I wouldn't include those requirements in a string library specification and
thereby simplify the implementation or at least make it more space
efficient. I'd actually include that as a NON-specification, preferring to
specify "grep file" and requirements like that elsewhere especially since
files are likely to be large in bytes (the max unsigned integer size).

Tony
 
B

Ben Pfaff

Tony said:
That's a relevant example then. But will I use a 32-bit length field in the
string class I am currently reworking based on that? Maybe, but probably
not. Maybe that will be "bigstring" rather then "string". Should a 32-bit
length field be used in a language level, general string class? Maybe more
compelling there, but maybe a *choice* of lower overhead would be lucrative:
"string", "smallstring".

I would use size_t for the string length. In normal C
implementations, size_t is sufficient to hold the longest
possible string.
 
F

Flash Gordon

CBFalconer said:
See my reply to Keith Thompson.

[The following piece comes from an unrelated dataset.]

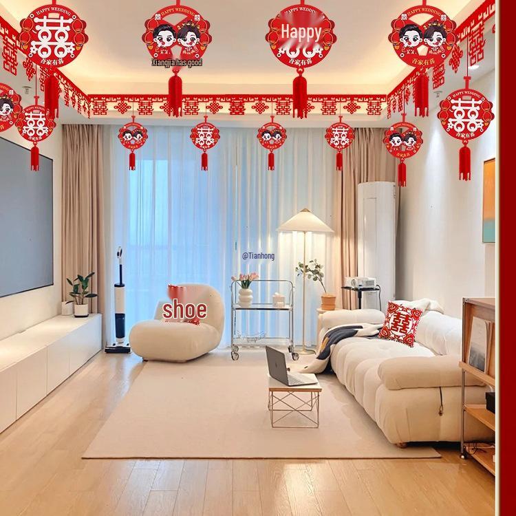 Double Happiness Wedding Room Decoration Set: Ceiling Hanging & Curtains
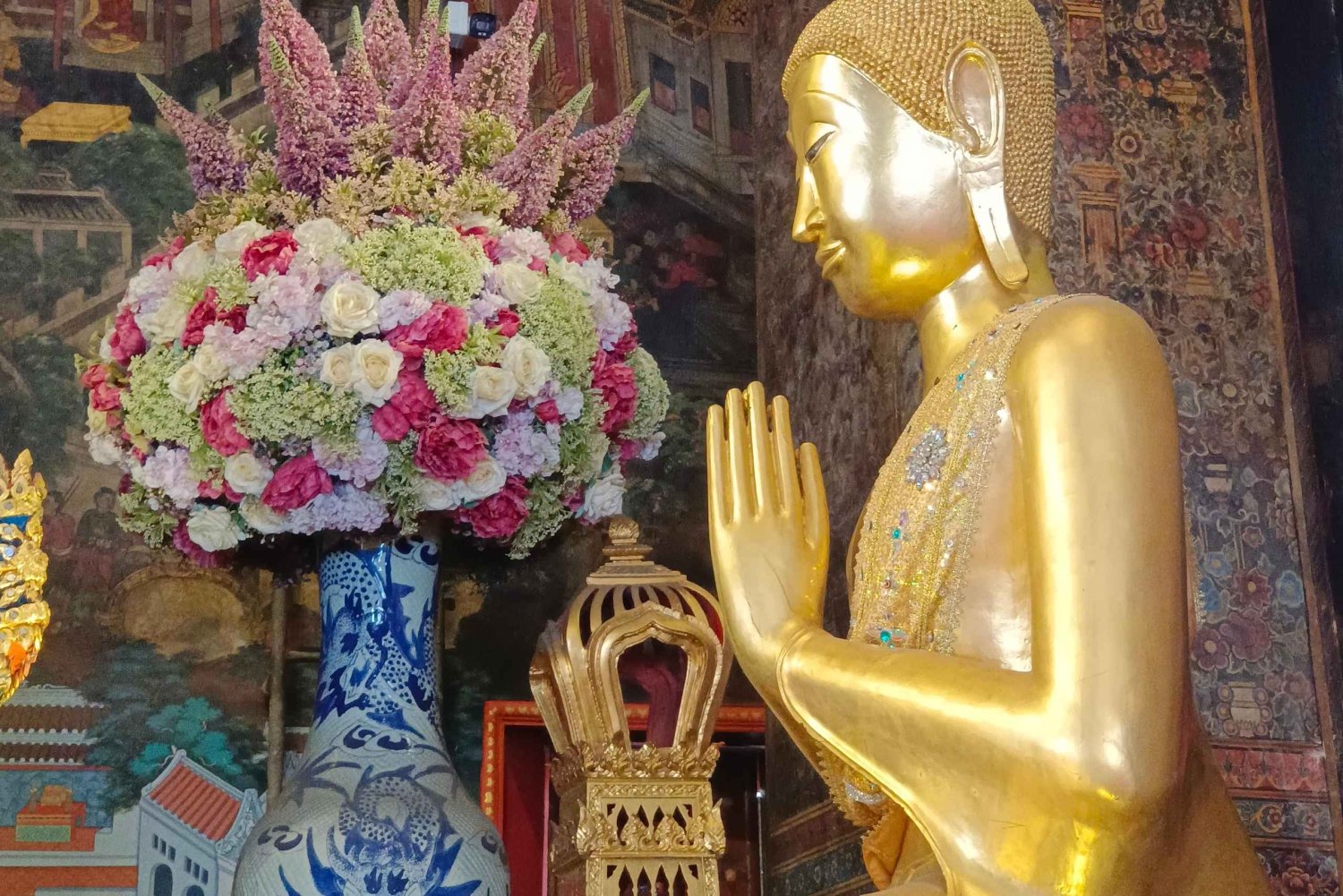 Depois de nos encontrarmos no ponto de encontro na estação de MRT Sanamchai Como seu especialista local, vou te levar numa viagem cultural que começa no vibrante Mercado de Flores de Bangkok, onde vamos explorar as barracas coloridas e escolher flores frescas. Vais criar o teu próprio arranjo de flores ao estilo tailandês, seguido pela preparação do teu próprio conjunto de oferendas – uma bela maneira de experimentar as tradições tailandesas em primeira mão. Depois, vamos atravessar o rio para visitar um templo tranquilo e não turÃstico, escondido num bairro calmo, onde você vai receber uma bênção de um monge. Vou te mostrar os destaques escondidos do templo antes de passearmos por uma comunidade portuguesa-tailandesa cheia de charme e história. Para completar o dia, vamos parar num grande Buda majestoso noutro templo real por perto, onde você vai ver o grande Buda que presta respeito naquela área, antes de voltar ao nosso ponto de encontro com o coração cheio e memórias criadas. É aqui que você pode aprender o jeito certo do budismo tailandês.Includes

You can't legally get calloc to
create anything larger than SIZE_MAX, because you can't specify
such a value.

Yes you can as has already been shown in this thread. For one argument
to calloc you pass SIZE_MAX and for the other argument any value greater
than one. Other argument combinations will also achieve the same result.
The size_t operands are unsigned integers and follow
the rules for unsigned overflows etc.

Irrelevant unless you can show somewhere in the specification for size_t
that the standard requires that calloc perform a multiplication of its
two parameters using the size_t type. Hint, it doesn't.

If you want to say something cannot be done legally you need to provide
a quote from the standard that proves it. The definition of sizeof has
already been demonstrated to NOT be such relevant.